Researchers at OpenAI have developed new methods for interpreting the neural activity within language models, providing a glimpse into the concepts and patterns that drive their behaviour.
As explained in the research paper, "The resulting networks are not well understood and cannot be easily decomposed into identifiable parts. This means we cannot reason about AI safety the same way we reason about something like car safety." By using sparse autoencoders, researchers aim to find interpretable patterns in the neural activity that align with human-understandable concepts.
As they note in their paper, "We find that our methodology demonstrates smooth and predictable scaling, with better returns to scale than prior techniques." This breakthrough enables a more comprehensive analysis of the concepts encoded in the language model.
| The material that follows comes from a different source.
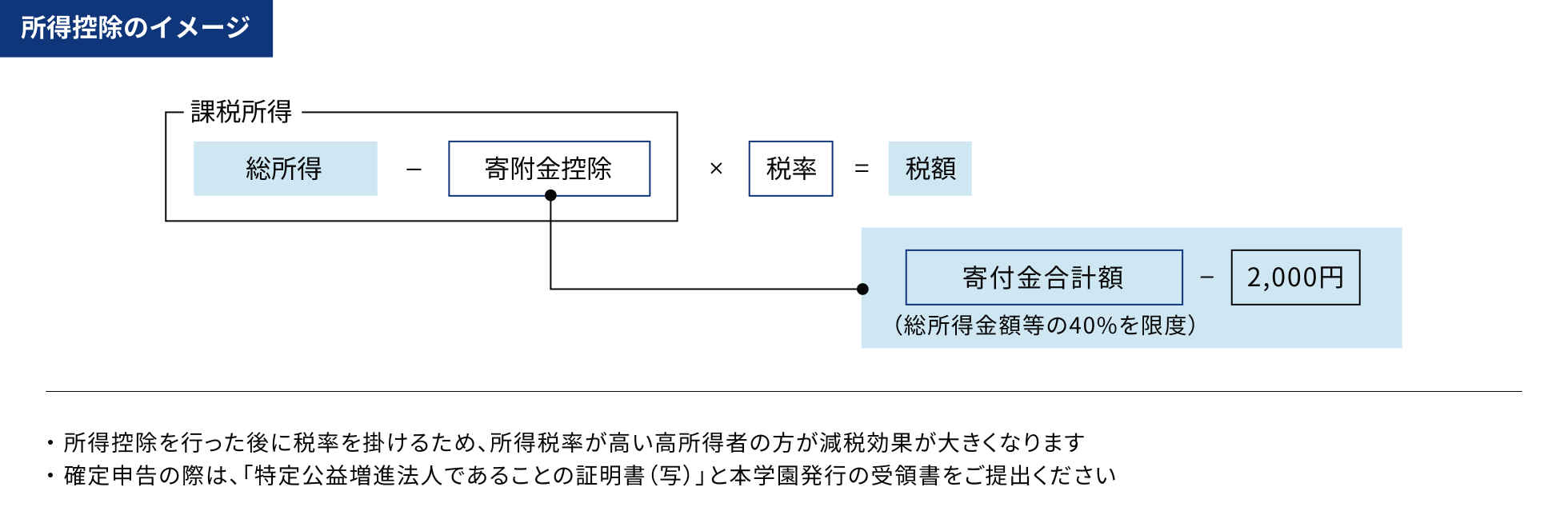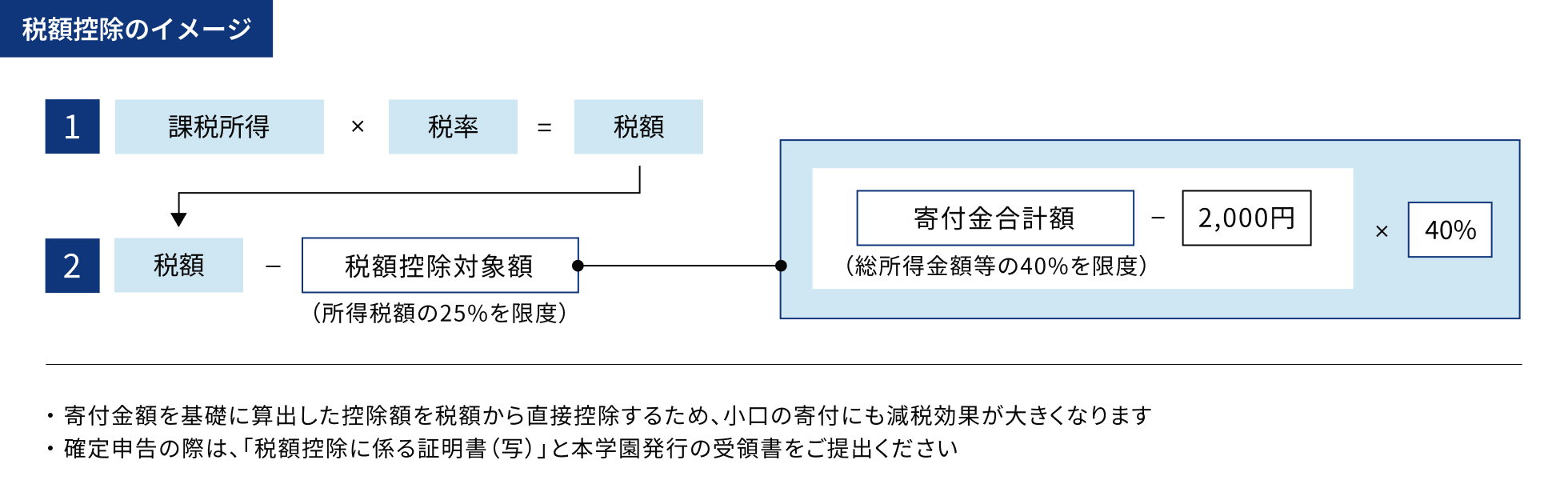 本学園の寄付に対しては税制上の優遇措置(「寄付金控除」の制度)を受けることができます。確定申告の際は所得控除制度と税額控除制度のうち、寄付者(納税者)が、どちらか一方の制度を選択することができます。

Using their improved sparse autoencoder, the researchers trained a 16-million-feature autoencoder on GPT-4 activations. By visualising the documents where each feature activates, they were able to identify a range of interpretable patterns, such as:
- Human imperfection
- Price increases
- Rhetorical questions
- Algebraic rings
- Dopamine receptors
For example, the "Human Imperfection" feature activates on phrases related to the flaws and limitations of humans, while the "Price Increases" feature activates on text discussing rising costs and prices.
However, as the authors acknowledge, this research is still in its early stages. To fully map the concepts in frontier language models, autoencoders may need to scale to billions or even trillions of features.
As they state in the paper, "Ultimately, we hope that one day, interpretability can provide us with new ways to reason about model safety and robustness, and significantly increase our trust in powerful AI models by giving strong assurances about their behaviour."
By identifying interpretable features and patterns in the neural activity, this work provides some insight into the concepts and mechanisms that drive these systems.